I wrote him a long, rambling snail-mail trying to explain this discovery, to tell him that I had needed the time away to clear my head... but I made a point not to ask him to respond, much as I wanted to. I purposely chose snail-mail so I wouldn't "know" when he'd receive it.

He never responded. I gave it some more time... then I emailed. No response. I tried emailing again sporadically since then. I guess I kept hoping I could "fix" it somehow. I'm all about the "courage to change the things I can" part of the prayer, not so good at the "serenity to accept the things I can't" or the "wisdom to know the difference" parts.

Losing my friendship with C.T. has bothered me... a lot. If I've had another friendship completely end this way, I certainly don't remember it. I have no idea if he read any of the emails, or even the snail-mail for that matter. The only subsequent response was back in May when I tried to "re-connect" on Yahoo Messenger: declined. Although I doubt I'll never know "the rest of the story," if there is one, the gist of C.T.'s silent message is pretty clear, "You called it off, and I am DONE."

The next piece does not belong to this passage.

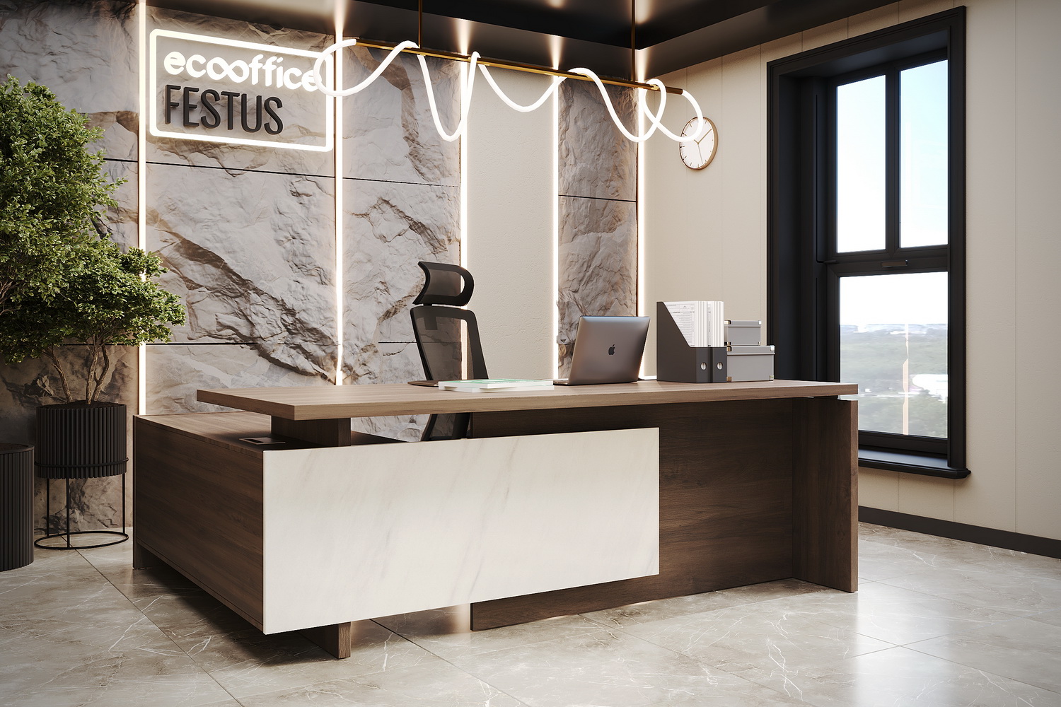 Кабинет руководителя FESTUS Орех Пацифик Табак / Мрамор Леванто белый
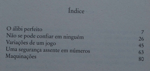 O Álibi Perfeito é o primeiro de cinco pequenos contos, muito compactos. Ou seja, numa escrita económica onde Patrícia Highsmith não desperdiça palavras; não há descrições inúteis nem esse vício que alguns escritores do género parecem cultivar que é desviar o leitor para pistas falsas. Aqui tudo converge para um final de enredo que o leitor não adivinha porque a arte do escritor policial consiste precisamente na sua capacidade de surpreender o leitor. Também neste aspecto, esta escritora é genial.

After the adjustments to the original (and still ridiculously melodramatic) allegory... life imitated the art created even before the incident: it happened just as the hero feared.

Hmmm...

When I started this blog earlier today, I planned to completely skip over "how" it ended and only mention that it had. I started this one only to give C.T. credit for how much his friendship really did help me on my grief journey. I never meant to go into as much as I did, but then again, maybe I needed to.

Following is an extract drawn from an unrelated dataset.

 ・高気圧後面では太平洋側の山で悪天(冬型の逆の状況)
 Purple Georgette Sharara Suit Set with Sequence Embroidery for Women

Over the past couple weeks, I've started writing a blog about losing his friendship in my head a dozen times. I always stopped myself, thinking how pathetic and sad the whole thing would seem to a reader, and thinking that I just needed to let it go. A little over a week ago, I thought "Say bye, dammit" would be enough. We had a bunch of stupid "phrases" that nobody else would get. I miss those too.

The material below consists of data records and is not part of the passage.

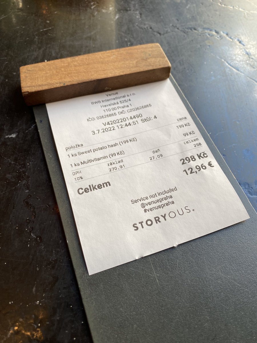 بلغت قيمة الطلب، بإلإضافة لمشروب غازي، ٤٢٦ كرونه ( ٦٦ ريال )؛ سعر رخيص جدا مقارنة بلذة الطعام!
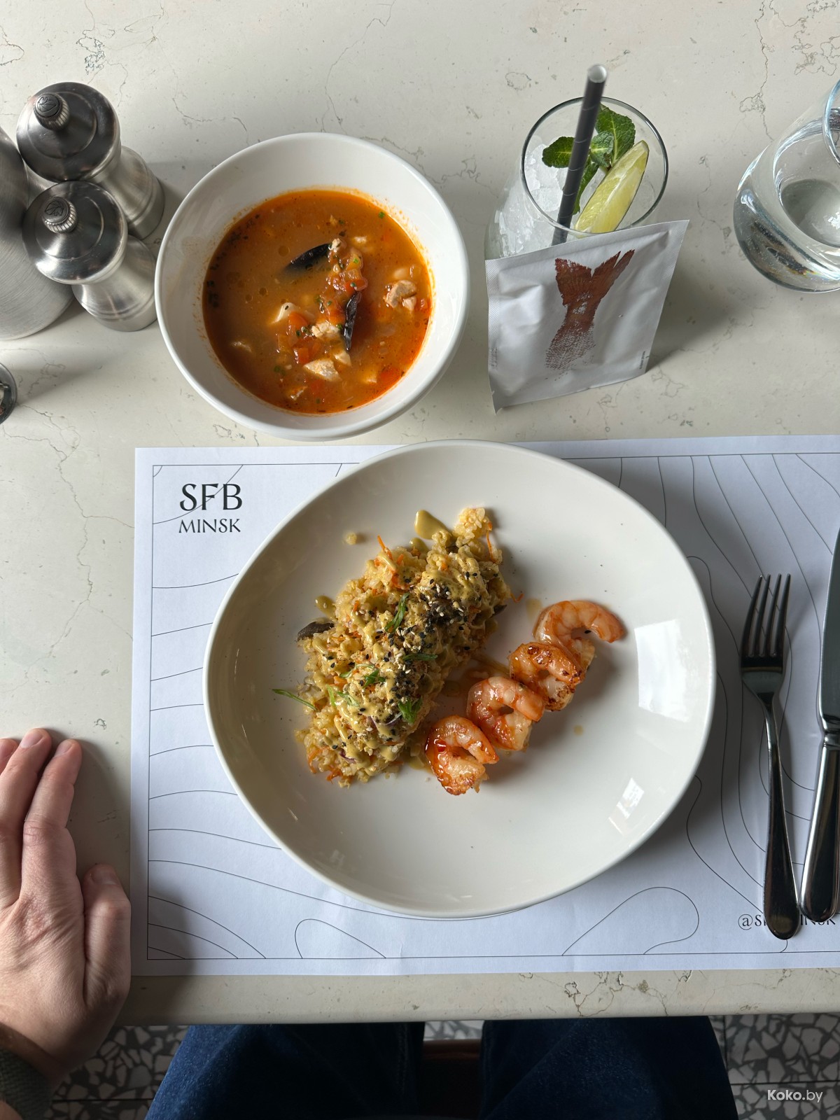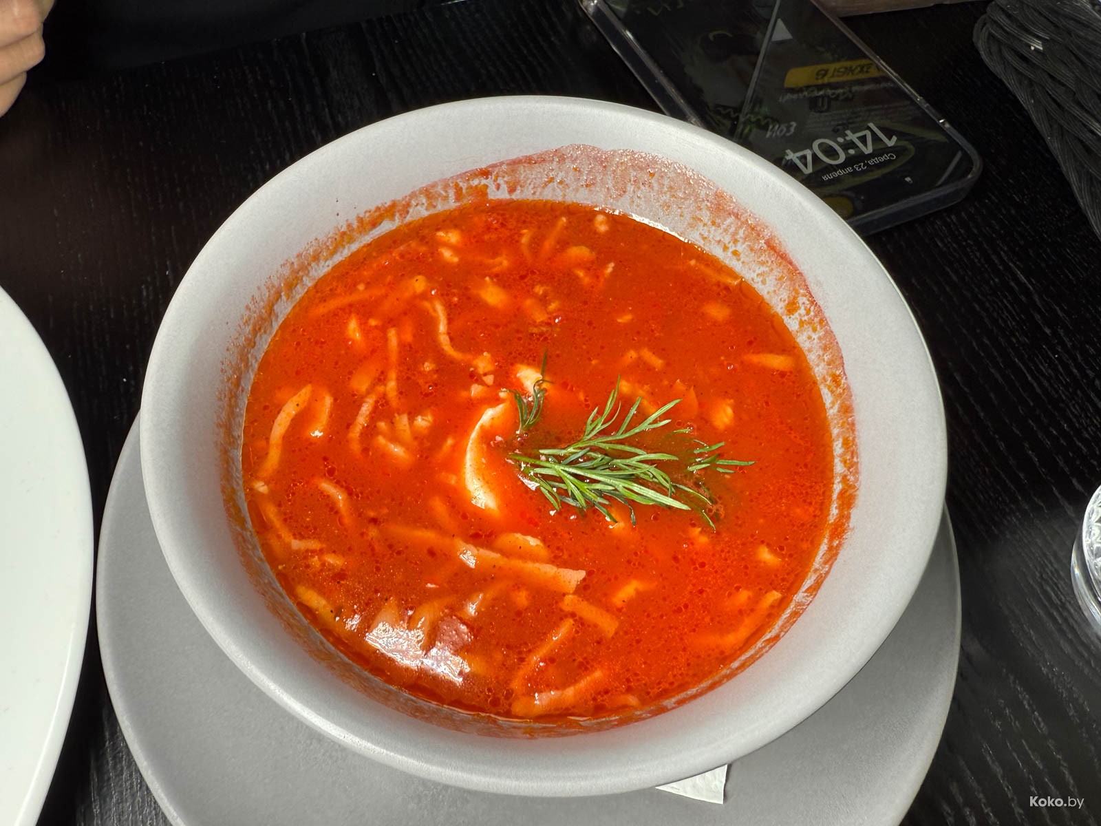 1. Обед из 3-х блюд с хлебом собрали минут через восемь. Солянка Блади Мэри с разными колбасами в лучших антипохмельных традициях: крепкая, кислость без жести, порция честная и ложка сметаны. Кайф!
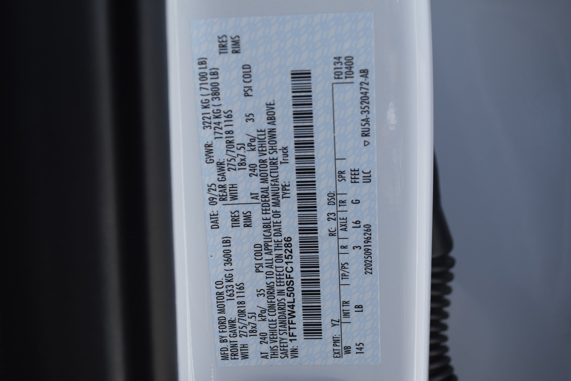 1FTFW4L50SFC15286Stock #

So maybe starting this one this morning was a way to get it out. Over-done as that "piece" is, I still think C.T. "deserves" the credit it offers far more than Kirk did. At least Kirk got to read the deluded original, but C.T. will likely never see this. Even if he did, I doubt I'd ever know.

Did C.T. see this coming and try to prevent it? I don't know... that's just a nice way for my imagination to wrap it. He's a really sharp person, he may have... then again he may just be the self-centered jerk he told me he was. Maybe I "thought" I meant more to him than I did; maybe I just finally gave him the "out" he was looking for.

Maybe I gave him more credit than he deserved when we were still talking, too. (Doubt it, but makes the loss easier.) Fact remains, whatever the answer: for that period of time, he really helped me.

Of one thing I am certain, that my clarity and discernment in all relationships, (working, friendship, whatever) was, and may still be, "off" for a long time. (Have I mentioned how much I love grief-fog?)

As I type, I'm still anxious about posting this, "Do you really want people reading your blog to know all this? Do you really want to give people a chance to view this part of your life and think "Dang, that chick is NUTS!"?

But as I said before: maybe later, that reader, when experiencing his or her own major grief, will remember something I wrote. Maybe when he or she sits back after being confounded by his or her own insane-but-seemingly-un-grief-related thoughts and actions, will remember reading my crazy passages and realize that grief-fog, grief-insanity, isn't permanent. Albeit mind-numbingly slowly, it does get better. If one person finds some comfort later, realizing that grief-insanity is normal, who cares what the rest think.

I know I'm not crazy... at least not as crazy as I was.